- Born: 14 May 1893 Latkovo
- Died: 21 January 1945 (aged 51) Insterburg
- Allegiance: Germany
- Branch: Infantry; aviation
- Rank: Leutnant
- Unit: Jasta 3
- Commands: Jasta 20
- Awards: Royal House Order of Hohenzollern, Iron Cross First Class

= Joachim von Busse =

World War I flying ace

Leutnant Joachim von Busse (born 14 May 1893, son of Hugo von Busse and Elly von Kunkel; death 21 January 1945) was a World War I flying ace credited with eleven aerial victories.

==Early life and infantry service==

Joachim von Busse was born in Latkovo, Hohensalzen on 14 May 1893. His parents were Elly von Kunkel and Hugo von Busse. Busse joined the King's Jager Regiment No. 1 in May 1912.

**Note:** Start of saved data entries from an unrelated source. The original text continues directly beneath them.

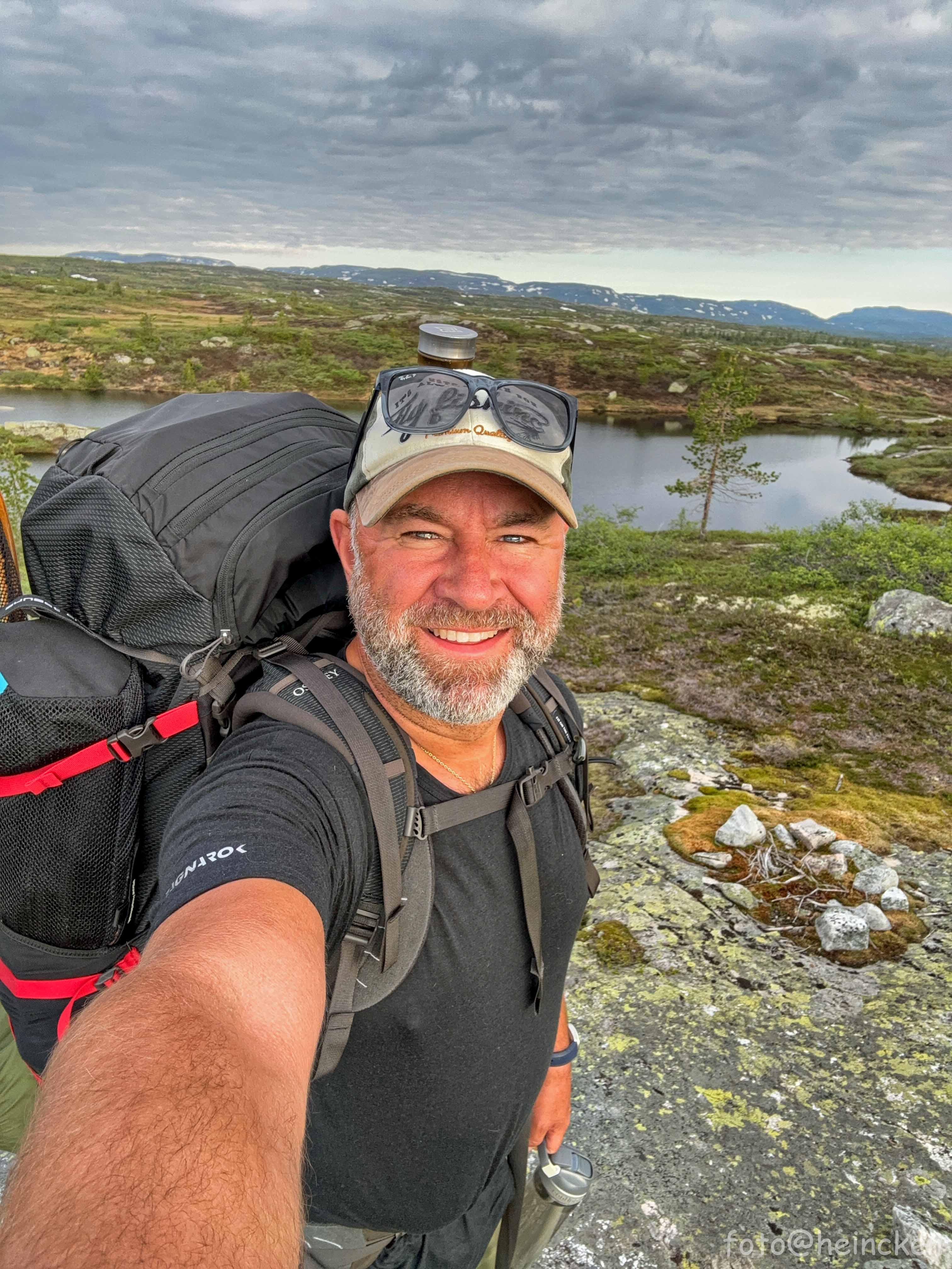 Jeg hadde pakket sekken for 2 overnattinger i telt og med 22 kg satte jeg turen oppover fjellet i fint sommervær. Shorts og kortermet ulltrøye var akkurat passe men var litt skeptisk med tanke på flekkflue, knott og mygg, men det gikk uten noen plager, faktisk ingenting på veien oppover, hvilket var ufattelig behagelig!
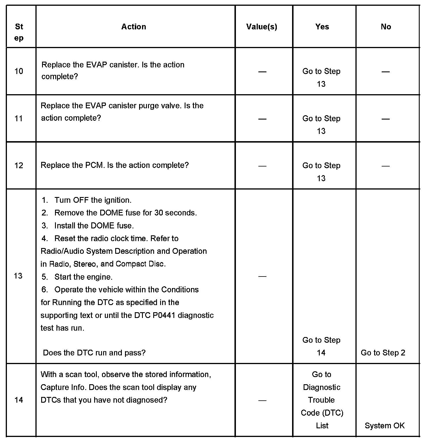 13. Clearing the DTCs by removing the DOME fuse also clears the PCM long term memory. Using the scan tool to clear DTCs leaves the long term memory active. DTC emitting diagnostics may not run to completion as expected unless the long term memory is cleared. Removal of the DOME fuse also clears the time display of the radio. The DTC P0441 diagnostic can be monitored on the scan tool under the Not Ran Since Code Cleared selection in the DTC Information menu. If a DTC P0441 appears in the Not Ran Since Code Cleared list, the DTC P0441 diagnostic has not yet run. When the DTC P0441 does not appear in the Not Ran Since Code Cleared list, the DTC P0441 diagnostic has run. If the MIL is NOT illuminated, and there is no Pending DTC Status in DTC Information, the DTC P0441 diagnostic has passed. The DTCs MUST be cleared in order to view the Current Status of the Not Ran Since Code Cleared list. DO NOT forget that the Not Ran Since Code Cleared list only indicates that the test has run, not whether the test passed or failed. The DTC Information screen must be checked for Current or Pending status, in order to determine the outcome of the diagnostic test involved.
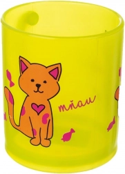 Praktična otroška skodelica z veselým motivom mačke popestri vsakodnevno pitje. Zahvaljujoč polprozornemu dizajnu otrok zlahka vidi, koliko pijače je še v skodelici. Lahka, a trpežna plastika brez BPA zagotavlja varno in udobno uporabo doma in na vrtu.

==World War I aviation service==

Busse transferred to aviation in March 1915. He served with an artillery cooperation unit, FFA 12, before transferring to Kasta 22. His next assignment took him to single-seater fighters in Jagdstaffel 3, in August 1917. He promptly scored his first win on the 10th. He scored three more victories with his Albatros D.III, with the last one being Canadian ace Emerson Smith, before being given command of Jagdstaffel 20 on 1 December. He shot down enemy aircraft three more times, in July 1918, before being wounded on 1 August. After another victory on 24 September, he finished his tally by scoring three Victories on 3 October 1918.